Random testing really works. On Mac OS X, seven percent of 135 command-line utilities and 73 percent of 30 graphical user interface (GUI)-based applications were found to crash or hang under random testing using the freely available tools fuzz, ptyjig, and fuzz-aqua. In command-line utility testing, 24 files of random characters were generated by permuting fuzz tool options: files either did or did not include null characters, either did or did not include nonprintable characters, and were either of size 1,000, 10,000, or 100,000 characters. In GUI-based application testing, typically 100,000 random user-input events were generated using the fuzz-aqua tool. Options with this tool included the setting of the delay between events and the blocking of the sending of input events that might, for example, log out the current user. Among the root causes of failure were, sadly, some familiar culprits: failure to check return values, null-pointer dereferences, and array buffer overflows.

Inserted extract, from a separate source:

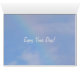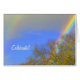 O arco-íris brilhante à direita tem uma cópia pálida à esquerda. A luz solar melhora os membros da árvore no fundo da imagem. O texto do cobrir "Celebrar" e o texto interior "Aproveite o seu dia!" podem ser personalizados. O interior tem arco e nuvens do arco-íris esmaecidos no céu azul como fundo.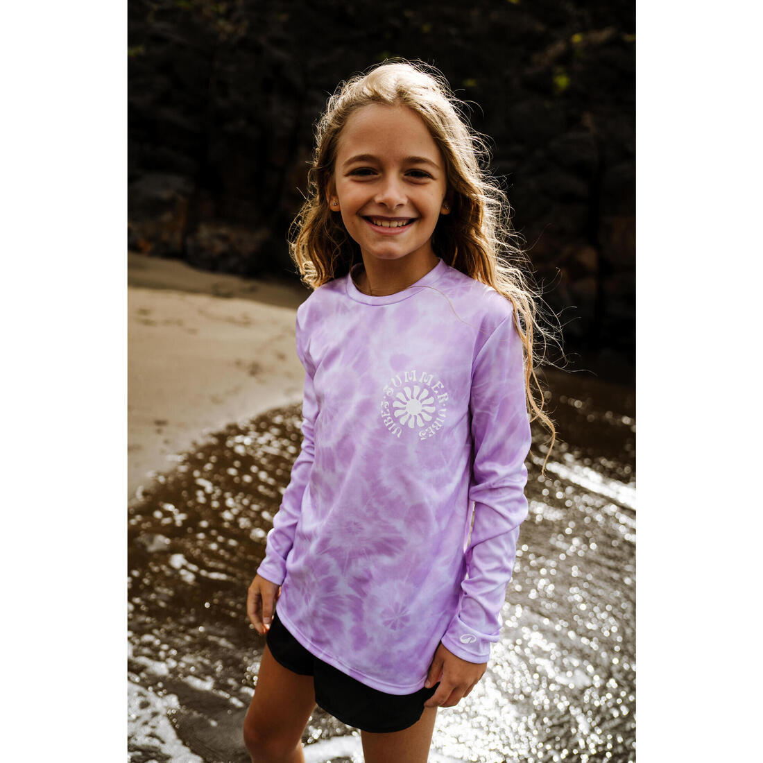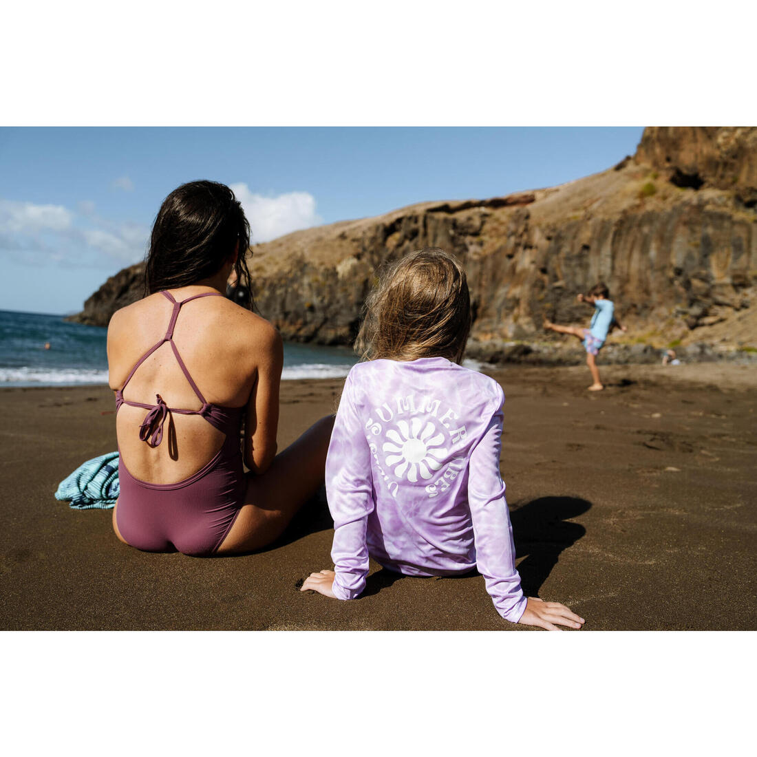 T-shirt anti UV manches longues surf Junior - 100 Vibes parme

Some minor details are unclear in this paper. Was the randomness employed fully controllable? Could the same tests be repeatedly generated and executed with the same results for both command-line utilities and GUI-based applications? Without explanation, no root cause analysis appears to have been undertaken for the utilities zsh and indent, which crashed.
There is no disputing the fact that random testing found serious defects, that GUI reliability was found to be getting worse, and that random testing should be part of any arsenal deployed when software reliability is of paramount importance. As such, this paper is strongly recommended to the software engineering community.